Top of Input for this task

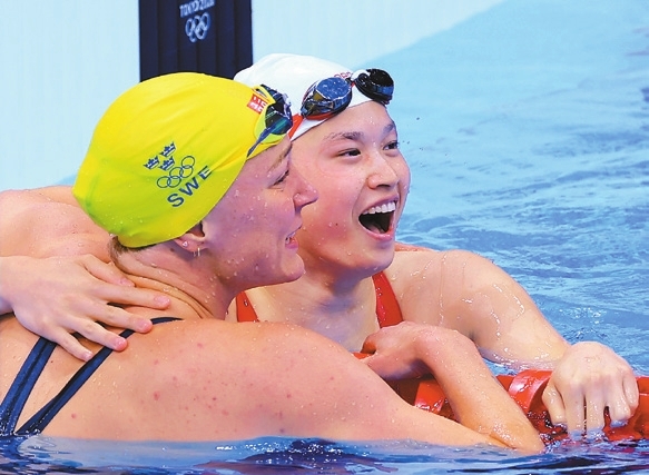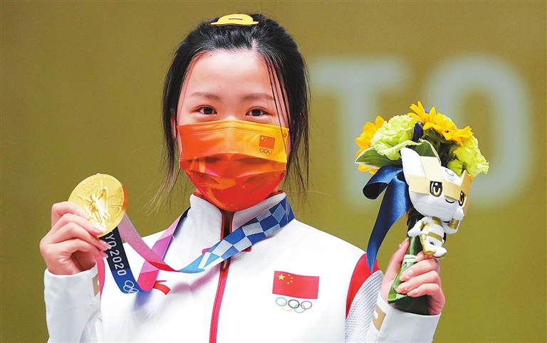 Chinese shooter Yang Qian celebrates after claiming the first gold of the Tokyo Olympics with a thrilling victory in the women’s 10m air rifle on Saturday. China got off to a flying start at the Tokyo Olympics on Saturday by winning three gold medals in shooting, fencing and weightlifting. China’s second gold came when Hou Zhihui won the women’s weightlifting 49kg event. Sun Yiwen edged Ana Maria Popescu of Romania to win China’s first women’s epee individual Olympic gold medal, also the country’s third gold of the day.Xinhua
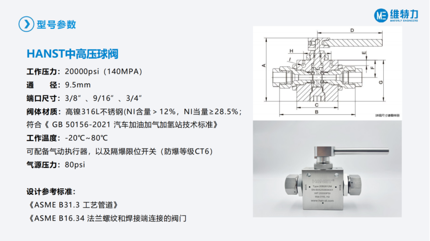 此刻PPT展示的数据是目前我们做的一个球阀的数据 ,壹定发官网设计规划是依照140Mpa ,也就是20000psi来做的 ,通径是9.5mm ,单孔尺寸提供3/8 "、9/16"、3/4"可选 ,目前加氢站常用的规格尺寸都能够提供 ,球阀阀体材质满足现行的行业尺度42177对于阀门资料的要求 ,镍含量大于12% ,镍当量不低于28.5%。工作温度区间是-20℃~80℃ ,这个温度领域我们针对的压力等级是140Mpa ,若是压力降到目前加氢站压力等级70Mpa的话 ,我们温度可进一步做到-40℃。图片上展示的球阀是手动球阀 ,我们也能够提供气动球阀并建设气动执行器和隔爆型的限位开关。
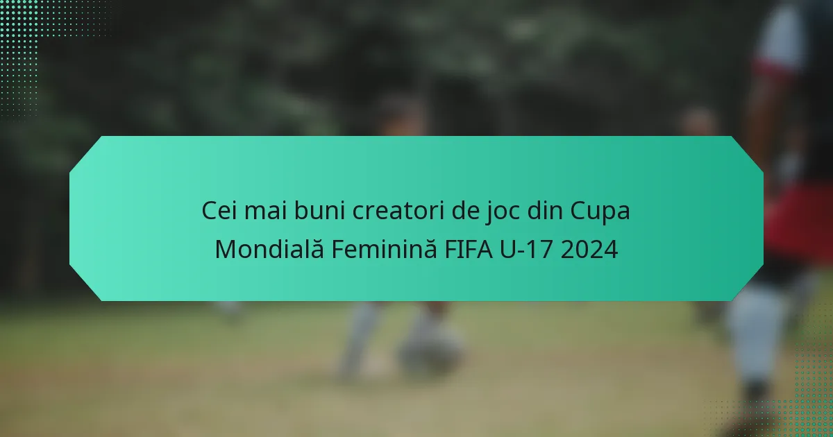 Cei mai buni playmakeri din Cupa FIFA U-17 pentru Femei 2024 prezintă o gamă de abilități și stiluri care influențează semnificativ performanțele echipelor lor. Prin analizarea punctelor forte, a slăbiciunilor și a contribuțiilor statistice, se poate înțelege mai bine rolul lor în turneu.
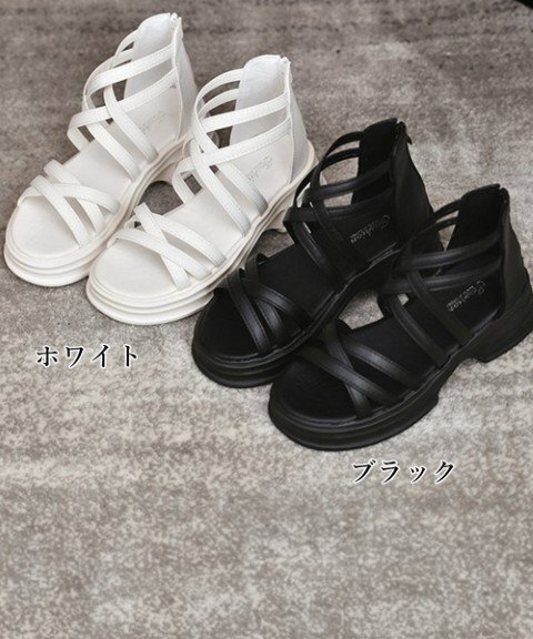 クロスストラップがデザインでポイントになった厚底サンダル
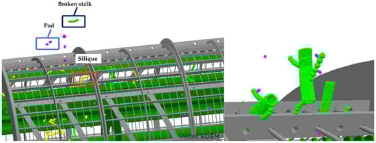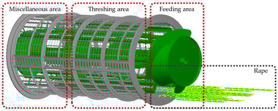 The oilseed rape threshing process feeds multiple bunches of oilseed rape plants into the threshing device, as shown in Figure 5. The feeding area is used to feed oilseed rape plants, the threshing area is used to thresh, and the miscellaneous area is where impurities such as hulls and broken stalks are discharged out of the device. We set the feeding speed to 7.5 km/h, removing the limit constraint effect on the particles when the bonding bond is generated, and adding the global gravitational acceleration to 9.8 N/kg. After the oilseed rape plant is fed into the threshing device, it first enters the threshing zone, where the oilseed rape seeds fall off the spike shaft and become discrete particles under the action of the threshing ribs and concave plates [14]. The threshed seeds fall into the catch box under inertia. The operating environment of the threshing simulation is shown in Table 4.
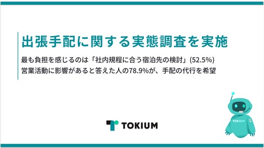経理AIエージェントを提供する株式会社TOKIUM(本社:東京都中央区、代表取締役:黒崎 賢一、以下「TOKIUM」)は、全国の営業担当者1,100名を対象に、出張手配に関する実態調査を実施しました。
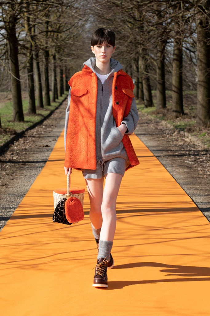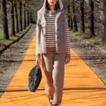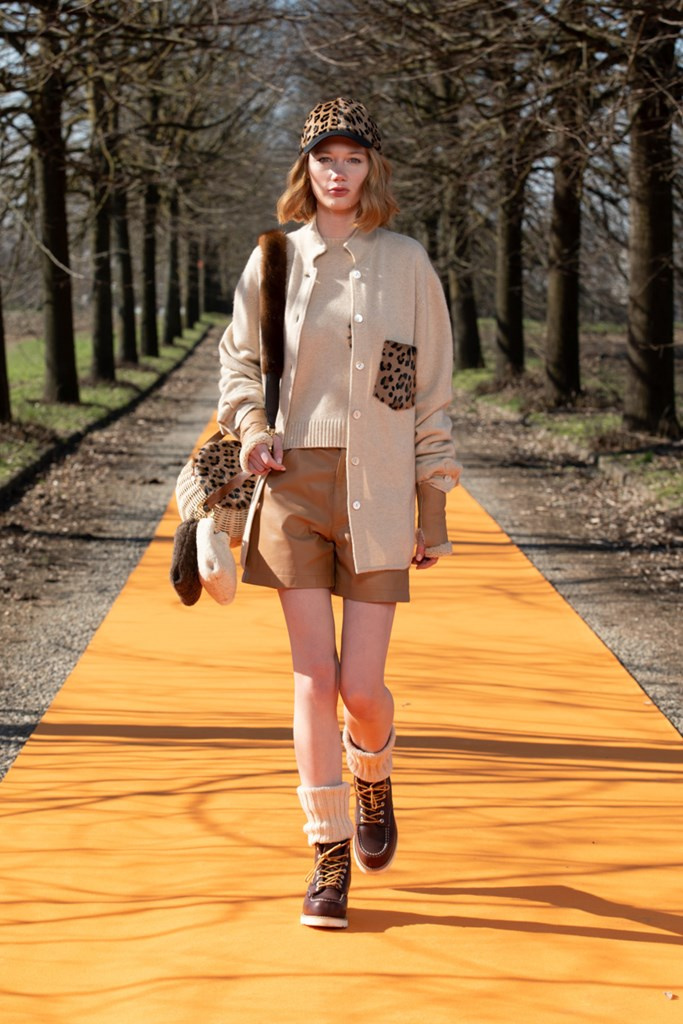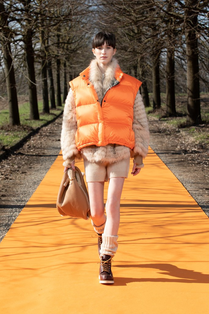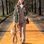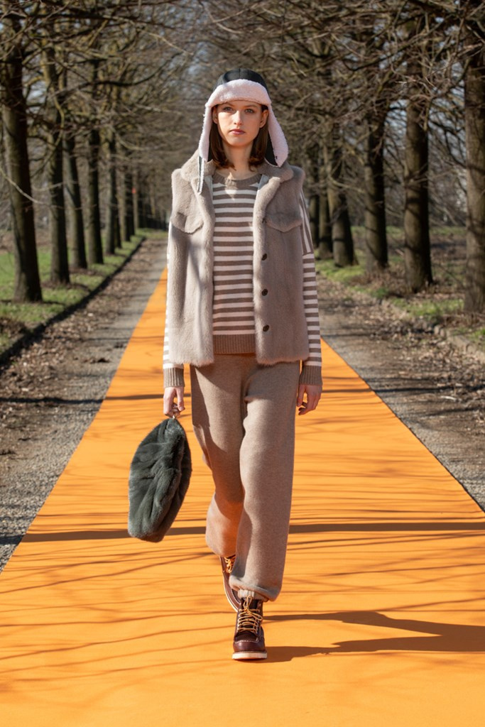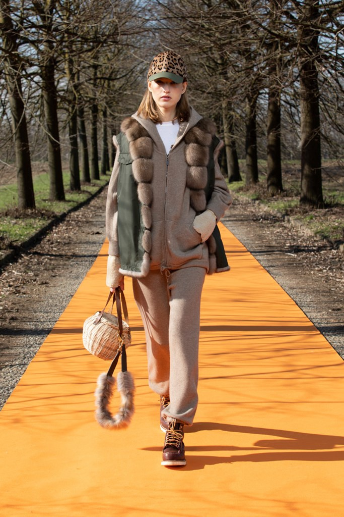 La maglieria gioca un ruolo importante con morbidi pantaloni jogging e felpe in cachemire da portare con gilet in montone arancio o con la camicia-gilet in visone taupe combinata con visone e zibellino.
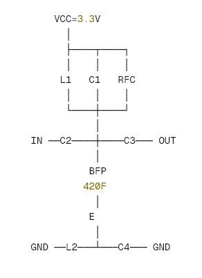 天线开关 ──► BFP 420F LNA ──► 混频器 ──► ... ──► 功率放大器(外部)

Bottom of Input for this task

Description of the task
Transcribe, word for word, only the material from its opening line through the line containing "クロスストラップがデザインでポイントになった厚底サンダル", both ends included, and omit the pictures.

Output below
 Chinese shooter Yang Qian celebrates after claiming the first gold of the Tokyo Olympics with a thrilling victory in the women’s 10m air rifle on Saturday. China got off to a flying start at the Tokyo Olympics on Saturday by winning three gold medals in shooting, fencing and weightlifting. China’s second gold came when Hou Zhihui won the women’s weightlifting 49kg event. Sun Yiwen edged Ana Maria Popescu of Romania to win China’s first women’s epee individual Olympic gold medal, also the country’s third gold of the day.Xinhua
 此刻PPT展示的数据是目前我们做的一个球阀的数据 ,壹定发官网设计规划是依照140Mpa ,也就是20000psi来做的 ,通径是9.5mm ,单孔尺寸提供3/8 "、9/16"、3/4"可选 ,目前加氢站常用的规格尺寸都能够提供 ,球阀阀体材质满足现行的行业尺度42177对于阀门资料的要求 ,镍含量大于12% ,镍当量不低于28.5%。工作温度区间是-20℃~80℃ ,这个温度领域我们针对的压力等级是140Mpa ,若是压力降到目前加氢站压力等级70Mpa的话 ,我们温度可进一步做到-40℃。图片上展示的球阀是手动球阀 ,我们也能够提供气动球阀并建设气动执行器和隔爆型的限位开关。
 Cei mai buni playmakeri din Cupa FIFA U-17 pentru Femei 2024 prezintă o gamă de abilități și stiluri care influențează semnificativ performanțele echipelor lor. Prin analizarea punctelor forte, a slăbiciunilor și a contribuțiilor statistice, se poate înțelege mai bine rolul lor în turneu.
 クロスストラップがデザインでポイントになった厚底サンダル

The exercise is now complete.